Thiamine. Thiamine deficiency occurs in 20% or more patients with CHF on long-term loop diuretic therapy.36 The fraction maybe higher in patients who drink alcohol. Shimon studied 30 patients with long-term furosemide therapy treated with 200 mg IV thiamine or placebo for one week.37 The thiamine-treated patients showed improvement in ejection fraction by 14%, diuresis by 35%, and sodium excretion by 40%. All 30 patients were subsequently treated with oral thiamine for seven weeks; 27 patients finished the study. At completion, the average ejection fraction had increased 22% (from 27% to 33%). With little risk from thiamine therapy, these results suggest that thiamine replacement for at least a seven-week period may benefit CHF patients on loop diuretics. Longer-term studies are needed to define morbidity and efficacy of these supraphysiologic doses of thiamine.
Calcium channel blockers. First generation. Verapamil, nifedipine, and diltiazem should be avoided because of their negative inotropic effects that exacerbate heart failure.38
Second generationAmlodipine. PRAISE investigators compared amlodipine and placebo in patients receiving standard drug therapy and found no increased mortality and a trend toward improvement in nonischemic dilated cardiomyopathy.39 Patients had ejection fraction less than 30%. Demonstration of significant benefit for nonischemic cardiomyopathy awaits a larger trial that is in progress.
Felodipine. A major study found no benefit in the treatment of CHF.40
Anticoagulants. Anticoagulants used prophylactically have not been shown to reduce the already low rate of deep venous thrombosis or stroke in heart failure patients in normal sinus rhythm.41 However, in a retrospective review of the SOLVD trial patients, multivariate analysis found that there was a 24% reduction in sudden death in patients taking antiplatelet agents and a 32% reduction in sudden death for patients taking coumadin.42 Because of the risks of coumadin therapy, it should be reserved for well-defined indications such as atrial fibrillation and proven DVT pending prospective trials confirming efficacy in CHF. Aspirin is indicated for ischemic cardiomyopathy and is sufficiently low risk to be taken by all CHF patients.

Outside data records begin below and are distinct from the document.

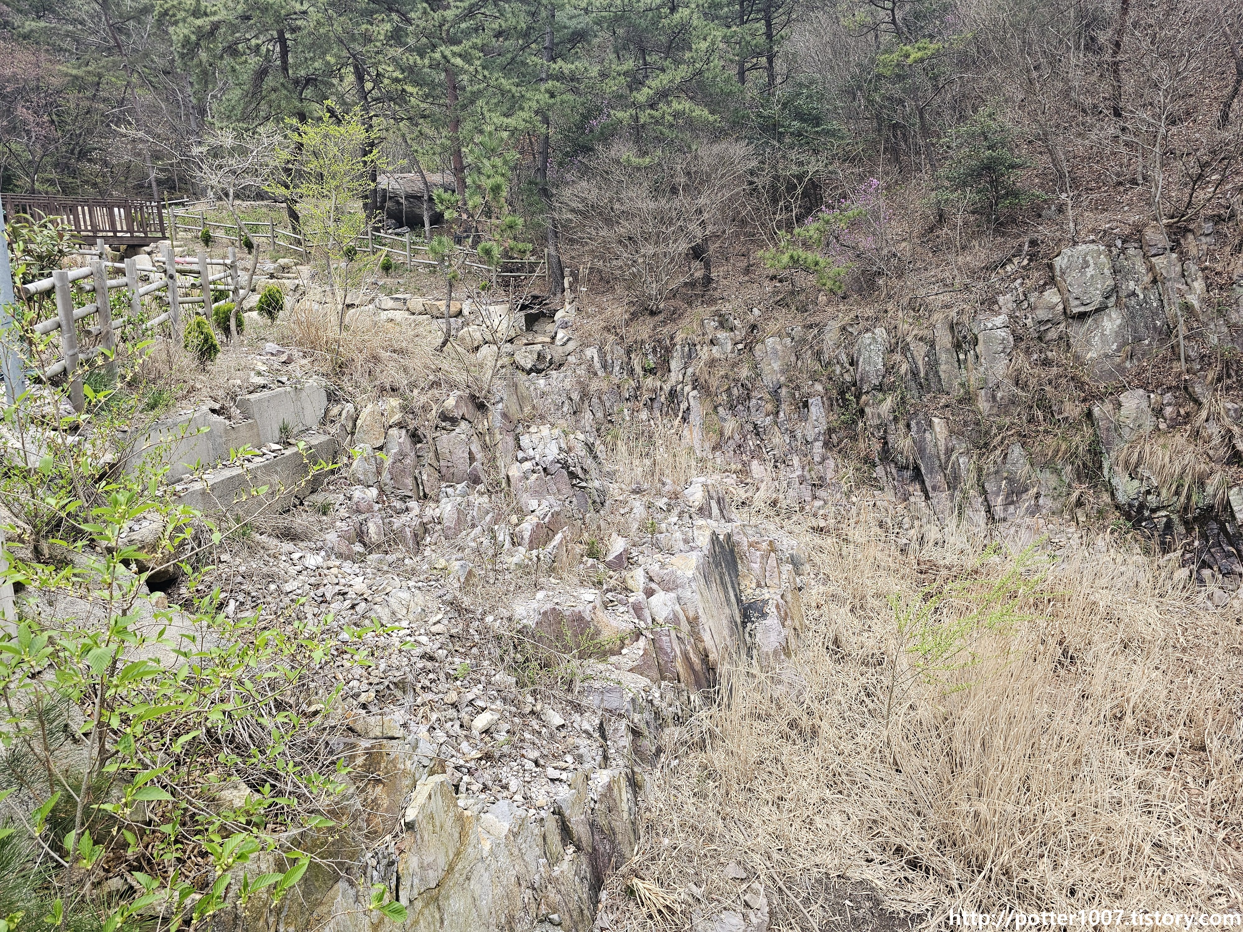 이곳은 하천정비 관련하여 의도적으로 바위를 쪼갠듯 합니다.
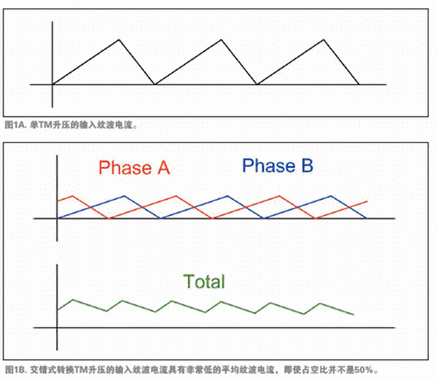 為了生產(chǎn)的更薄、高效而廉價(jià)的電源,近來(lái)開(kāi)發(fā)了UCC28060,在單一設(shè)備中采用兩個(gè)交錯(cuò)式轉(zhuǎn)換通道TM PFC的集成電路。UCC28060充分發(fā)揮了TM的全部?jī)?yōu)勢(shì),并利用交錯(cuò)式轉(zhuǎn)換的優(yōu)勢(shì)來(lái)彌補(bǔ)TM的缺點(diǎn)。例如,如圖1A與1B所示,交錯(cuò)式轉(zhuǎn)換降低了輸入紋波電流,所以可以使用小得多的EMI濾波器。交錯(cuò)式轉(zhuǎn)換還降低了輸出波紋,可使用較小的輸出電容,并能延長(zhǎng)電容壽命。交錯(cuò)式轉(zhuǎn)換還可將一個(gè)大電感分成兩個(gè)較小的電感,提高了功率級(jí)別并實(shí)現(xiàn)了超薄的封裝。
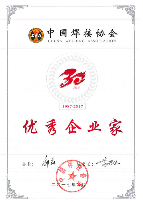 2017-09 中國焊接協會 優秀企業家 中國焊接協會

Inotropic Agents. Oral inotropic agents have had uniformly disappointing survival results. Milrinone is the prototype of this class.43 Vesnarinone has had equivocal results and is currently under study.44 Short-term inotropic support with dobutamine has been used in the outpatient setting.
Medications to Avoid. Non-steroidal anti-inflammatory drugs (NSAIDs) aggravate heart failure by interfering with prostaglandin metabolism and promoting fluid retention. Antiarrhythmics have not been shown to prolong survival in heart failure and may be harmful.45
Mild-to-moderate exacerbations of CHF may be treated and observed in the ED and discharged after communication with the private physician, but only if the patient responds to therapy. Oxygenation must be adequate as measured by O2 saturation at rest and after mild exercise in patients who are discharged. Observation units within the ED may assist the evaluation and disposition of CHF patients. Mild-to-moderate exacerbations of heart failure that respond poorly to therapy or are complicated by other factors (e.g., diabetes, possible acute myocardial ischemia, or rhythm abnormalities) should be admitted and observed.

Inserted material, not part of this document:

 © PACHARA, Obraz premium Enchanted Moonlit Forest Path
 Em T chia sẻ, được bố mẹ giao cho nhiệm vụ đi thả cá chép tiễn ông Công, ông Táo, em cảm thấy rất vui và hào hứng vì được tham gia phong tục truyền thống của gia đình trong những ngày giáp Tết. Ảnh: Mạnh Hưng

The ED may become the site of contact between frequently returning elderly heart failure patients and multidisciplinary intervention teams. Such teams have been shown to reduce readmission and cost.46 Patients with new-onset left heart failure should be admitted to the hospital for evaluation. Pulmonary edema has a high cardiovascular complication rate, and, therefore, these patients should be admitted to the intensive care unit.47 Pulmonary edema associated with volume overload in dialysis patients that responds to dialysis need not be admitted. The prognosis of decompensated CHF presenting to the ED has a poor six-month prognosis independent of subsequent hospital treatment.48
Instructions that should be provided to the patient who is discharged home include:
• encourage exercise appropriate to clinical state;
• encourage patient to construct written advance directives.
Managed care organizations may require consultation with the patient’s primary care provider before referral in non-emergent presentation. Complex or life-threatening complications of heart failure should be referred to a cardiologist or other appropriate on-call subspecialty consultant without delay.

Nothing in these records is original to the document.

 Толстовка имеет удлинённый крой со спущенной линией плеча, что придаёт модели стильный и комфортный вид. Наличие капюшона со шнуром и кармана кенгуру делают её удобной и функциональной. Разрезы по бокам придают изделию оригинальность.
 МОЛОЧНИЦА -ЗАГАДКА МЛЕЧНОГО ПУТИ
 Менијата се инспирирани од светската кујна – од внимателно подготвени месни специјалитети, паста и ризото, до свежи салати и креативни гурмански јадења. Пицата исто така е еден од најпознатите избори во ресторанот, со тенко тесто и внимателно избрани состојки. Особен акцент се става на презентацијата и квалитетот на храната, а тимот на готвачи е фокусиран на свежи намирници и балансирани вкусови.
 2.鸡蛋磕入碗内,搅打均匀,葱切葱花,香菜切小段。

The treatment of CHF in special subgroups of patients, such as those with cardiogenic shock and renal dialysis, requires customized approaches in order to maximize clinical outcomes. In addition, a number of medications have been shown to prolong life in patients with CHF, and emergency physicians must be familiar with their use.
References
1. Committee of Evaluation and Management of Heart Failure. Guidelines for the evaluation and management of heart failure: Report of the American College of Cardiology/American Heart Association Task Force on Practice Guidelines. Circulation 1995;92:2764-2784.
2. Bengston JR, Kaplan AJ, Pieper KS, et al. Prognosis in cardiogenic shock after acute myocardial infarction in the interventional era. J Am Coll Cardiol 1992; 20:1482-1489.
3. Anderson FL, Port JD, Reid BB, et al. Effect of therapeutic dopamine administration on myocardial catecholamine and neuropeptide Y concentrations in the failing ventricles of patients with idiopathic dilated cardiomyopathy. J Cardiovasc Pharmacol 1992;20;800-6.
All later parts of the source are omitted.